▶ The records

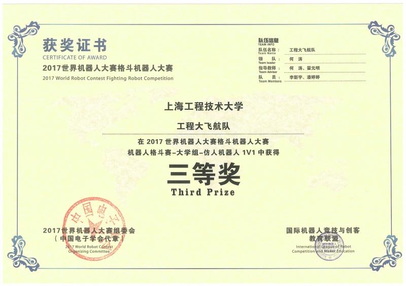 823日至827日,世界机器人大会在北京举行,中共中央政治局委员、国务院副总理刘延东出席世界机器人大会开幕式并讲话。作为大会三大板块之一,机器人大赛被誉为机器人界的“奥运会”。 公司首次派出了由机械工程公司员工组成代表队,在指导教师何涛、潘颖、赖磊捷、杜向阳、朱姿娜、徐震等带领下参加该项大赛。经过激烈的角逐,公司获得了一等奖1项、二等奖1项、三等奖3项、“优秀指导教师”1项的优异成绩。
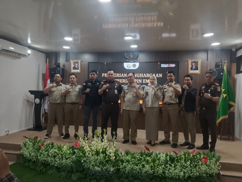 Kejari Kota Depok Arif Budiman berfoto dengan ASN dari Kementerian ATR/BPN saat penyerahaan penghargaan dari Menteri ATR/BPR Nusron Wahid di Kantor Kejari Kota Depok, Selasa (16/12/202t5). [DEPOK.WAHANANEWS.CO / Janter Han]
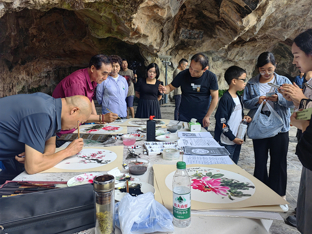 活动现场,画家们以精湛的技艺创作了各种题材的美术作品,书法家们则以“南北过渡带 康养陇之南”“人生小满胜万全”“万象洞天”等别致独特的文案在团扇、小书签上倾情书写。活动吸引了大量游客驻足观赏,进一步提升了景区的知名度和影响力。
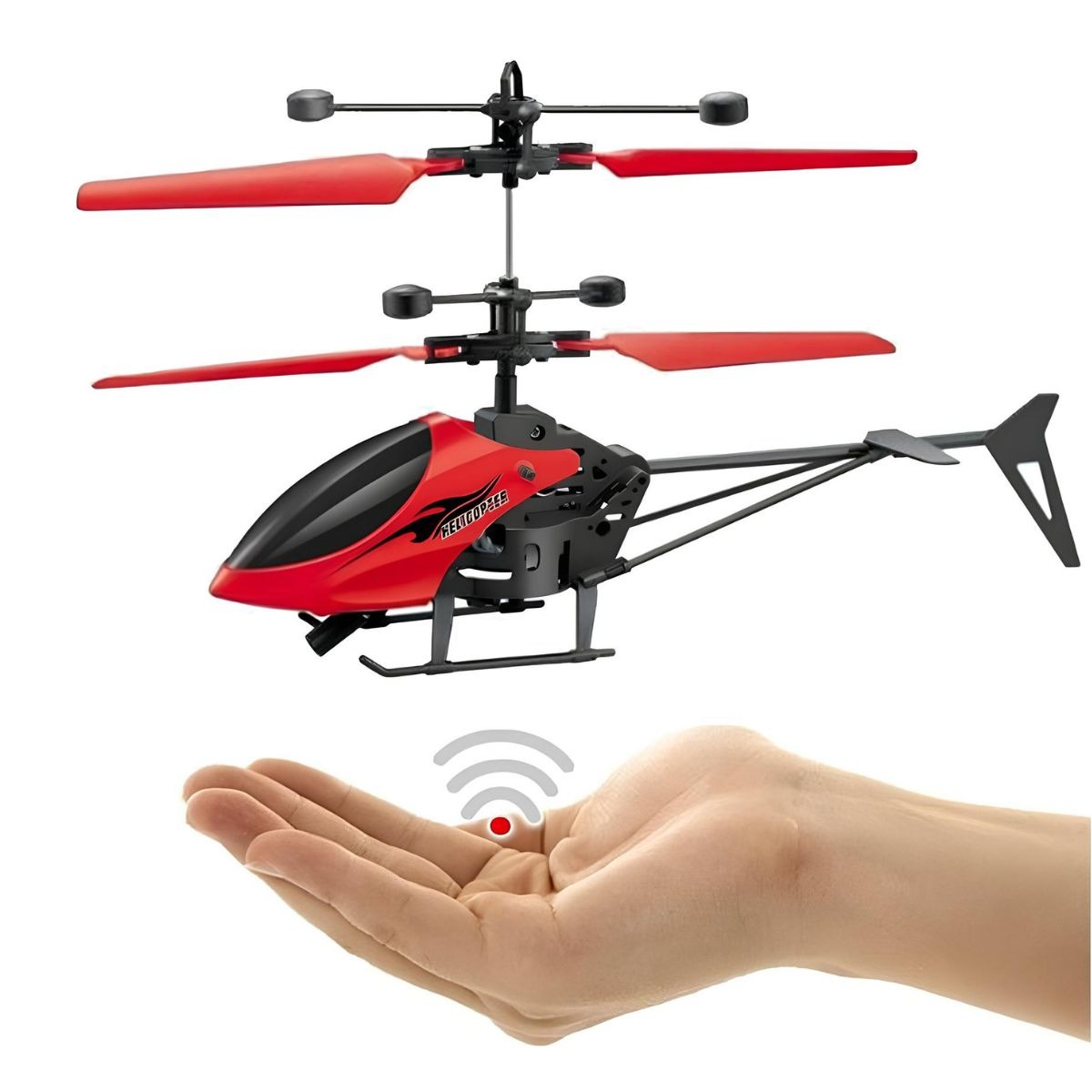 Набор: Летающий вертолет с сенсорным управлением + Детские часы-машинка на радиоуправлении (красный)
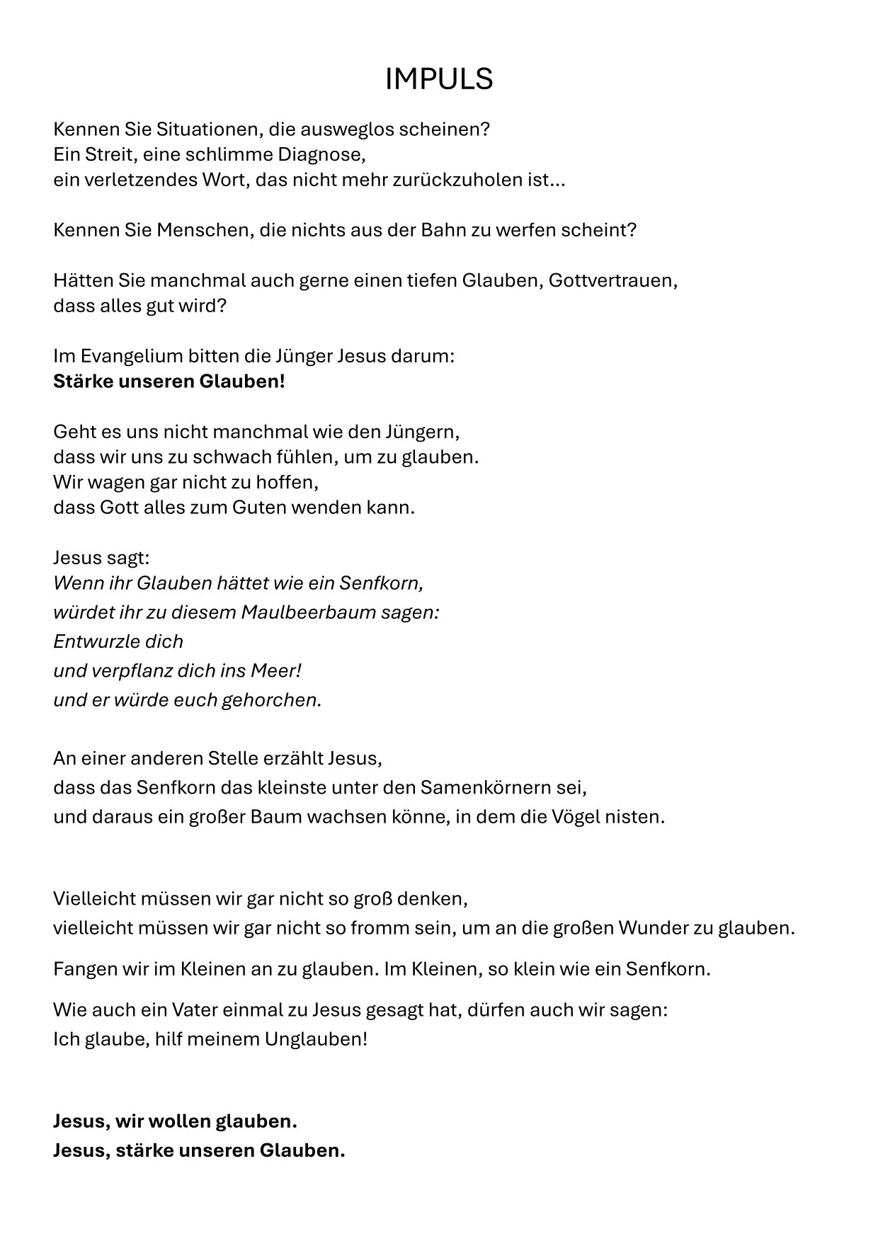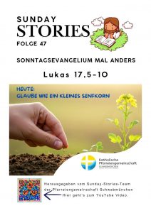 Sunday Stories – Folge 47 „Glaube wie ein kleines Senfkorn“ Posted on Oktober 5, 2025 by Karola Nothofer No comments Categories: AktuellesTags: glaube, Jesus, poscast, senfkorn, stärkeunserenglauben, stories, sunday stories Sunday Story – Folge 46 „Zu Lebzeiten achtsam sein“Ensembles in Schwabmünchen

---

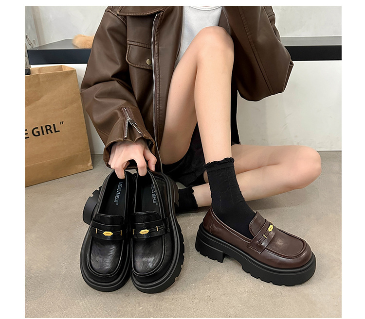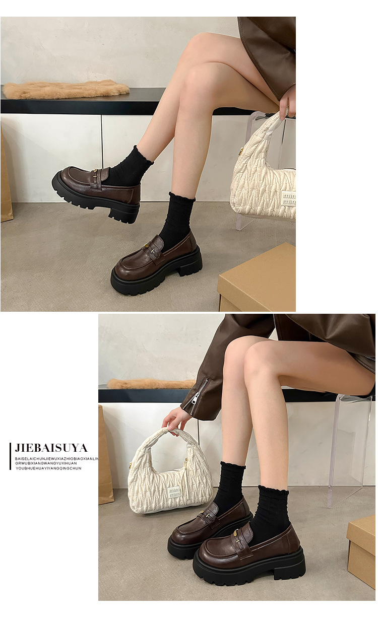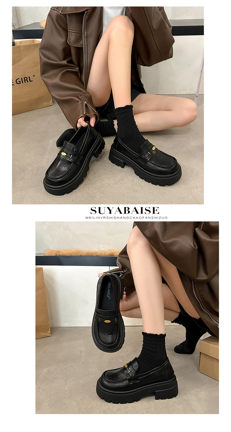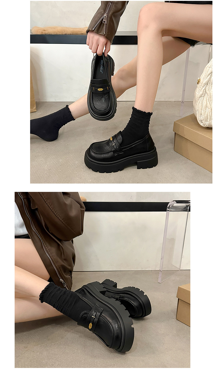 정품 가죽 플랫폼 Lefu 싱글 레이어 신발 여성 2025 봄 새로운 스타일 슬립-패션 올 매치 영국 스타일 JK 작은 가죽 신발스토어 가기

▶ Exercise requirements
Nothing outside the stretch above, from the line with "活动现场,画家们以精湛的技艺" through the line with "Sunday Stories –", is set down. Transcribe that stretch exactly, ends included, but not its pictures.

▶ Your response
 活动现场,画家们以精湛的技艺创作了各种题材的美术作品,书法家们则以“南北过渡带 康养陇之南”“人生小满胜万全”“万象洞天”等别致独特的文案在团扇、小书签上倾情书写。活动吸引了大量游客驻足观赏,进一步提升了景区的知名度和影响力。
 Набор: Летающий вертолет с сенсорным управлением + Детские часы-машинка на радиоуправлении (красный)
 Sunday Stories – Folge 47 „Glaube wie ein kleines Senfkorn“ Posted on Oktober 5, 2025 by Karola Nothofer No comments Categories: AktuellesTags: glaube, Jesus, poscast, senfkorn, stärkeunserenglauben, stories, sunday stories Sunday Story – Folge 46 „Zu Lebzeiten achtsam sein“Ensembles in Schwabmünchen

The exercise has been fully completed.